08/04/2018 14:07
LA REPUBBLICA (F. BOCCA) - Dice Giovanni Pablo Simeone, protagonista della vittoria della Fiorentina con un gol che ha messo ancora ko la Roma all’Olimpico, che «questo è un gruppo unito, dove ognuno corre per l’altro. Con quello che è successo abbiamo voglia di stare tutti insieme anche dopo l’allenamento. E io ne sono molto orgoglioso». C’è sicuramente qualcosa di straordinario in questa storia della Fiorentina, che lotta e vince per il capitano che non c’è più. La tragedia di Davide Astori ha dato ai compagni una forza eccezionale, la Fiorentina gioca col fuoco dentro, vince, non si ferma più. Siamo ormai a sei vittorie consecutive (Chievo, Benevento, Torino, Crotone, Udinese, Roma), incassando un solo gol, dettaglio che parla di compattezza. I viola non facevano un filotto così dalla stagione 1963- 64, squadra mica male: Albertosi in porta, Lojacono, Maschio e Hamrin.
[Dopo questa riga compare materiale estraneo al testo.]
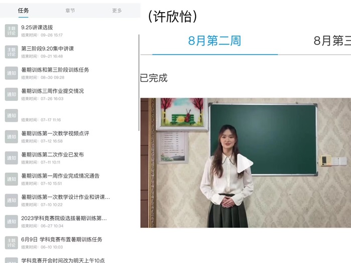 学院高度重视师范生专业技能培养。为迎接本次比赛,学院组建指导教师团队、制定培训方案、层层选拔、精致打磨,并且对选手进行长时间的技能训练。指导教师团队协同合作,全程参与学生改稿、演练、录制参赛作品、线下比赛演练等各个环节。从院赛、校赛再到省初赛,经过选手与指导教师的不懈努力,许欣怡以各环节比赛一等奖的成绩成功入围线下决赛。在现场决赛环节,许欣怡教学过程设计科学,教学方法新颖独特,答辩时机智沉稳,表现出色,取得小组第一名的好成绩。此次比赛取得的优异成绩充分也展现了我院思政专业师范生扎实的专业知识与良好教学技能。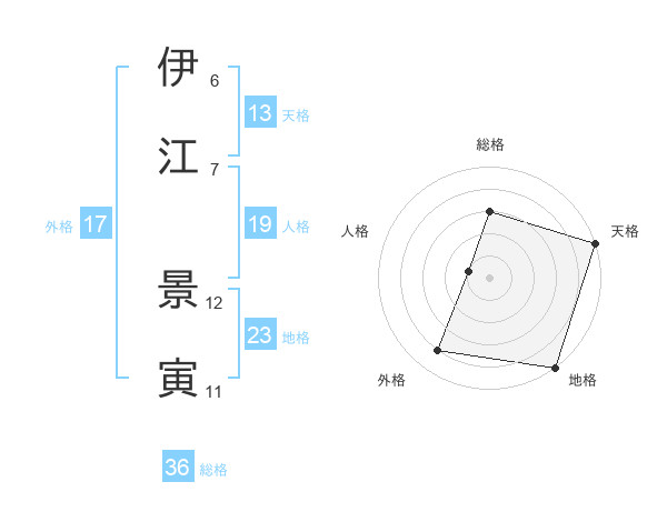 伊江 景寅さんの天格は13画の5点!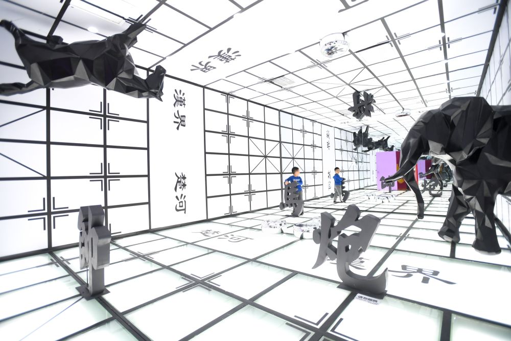 ↑这是湖南省长沙市“字在其中”汉字国潮艺术展(2019年9月21日摄)。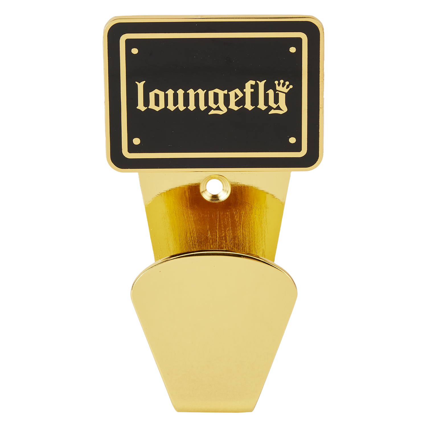 Give your favorite Loungefly bag a stylish lift with our Loungefly Gold Metal Wall Hook. This wall accessory features the signature Loungefly plaque and sturdy gold-colored metal backing and hook. It’s perfect for displaying and organizing Loungefly bags and apparel, effortlessly.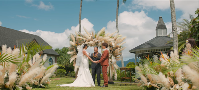 池田美優さんと大倉士門さんは、当社プロデュースにより、2024年3月にハワイの「ザ・プライベート・ガーデン アロハ・ケ・アクア」にて挙式をされました。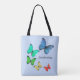 Beau papillons multicolores sur Sac fourre-tout bleu clair. Le texte peut être personnalisé. Des femmes élégantes font des courses de sacs.

È come se la tragedia avesse risvegliato un orgoglio antico. Pioli stesso asserisce che qualcosa è cambiato da quel 4 marzo: «Davide era il primo a credere in questa squadra, nel nuovo, nei giovani. Non abbiamo fatto una grande partita dal punto di vista tecnico, ma sentiamo questo impegno che abbiamo preso». La partita è stata molto lineare nella sua logica. La Roma era spremuta dalla partita di Barcellona, persa dignitosamente ma sempre con quattro gol subiti. Girato l’interruttore, la squadra si è spenta ed è tornata al venefico torpore che spesso l’assale e che rischia addirittura di compromettere il posto in Champions, se non riuscirà a fermare Inter e Lazio.
Di Francesco ha cambiato 5 giocatori rispetto al Camp Nou (Juan Jesus per Kolarov, Gonalons per De Rossi, Nainggolan per Pellegrini, Defrel per Florenzi, El Shaarawy per Perotti), ma il risultato non c’è stato. La Roma ha prodotto un gioco poco più che teorico. La Fiorentina al contrario è stata cinica, difensiva e contropiedista. Ha colpito freddamente le sbandate della Roma, prima con Benassi servito da un Saponara perfettamente libero sulla fascia di Peres e addirittura rincorso da Dzeko, e poi con Giovanni Simeone che, in assenza di Chiesa, sosteneva quasi tutta la responsabilità dell’attacco. Emblematico, visto dalla parte della Roma, il suo gol. Appena entra in area Manolas gli dà una spallata per sbilanciarlo, e Peres sull’altro fianco lo sostiene e lo rimette in carreggiata, permettendogli di far gol. L’inserimento di Schick non è valso molto più di una traversa e alla fine la Roma si è ritrovata a registrare la sesta sconfitta in casa: l’Olimpico è ormai un handicap. Di Francesco, che non l’ha presa benissimo, ha affermato nel più classico degli alibi che «non bisogna guardare solo al risultato ma alle tante occasioni prodotte». Già, ma alla fine si è comprensibilmente sfogato: «Sono incazzato, mi girano, ma come si fa eh?».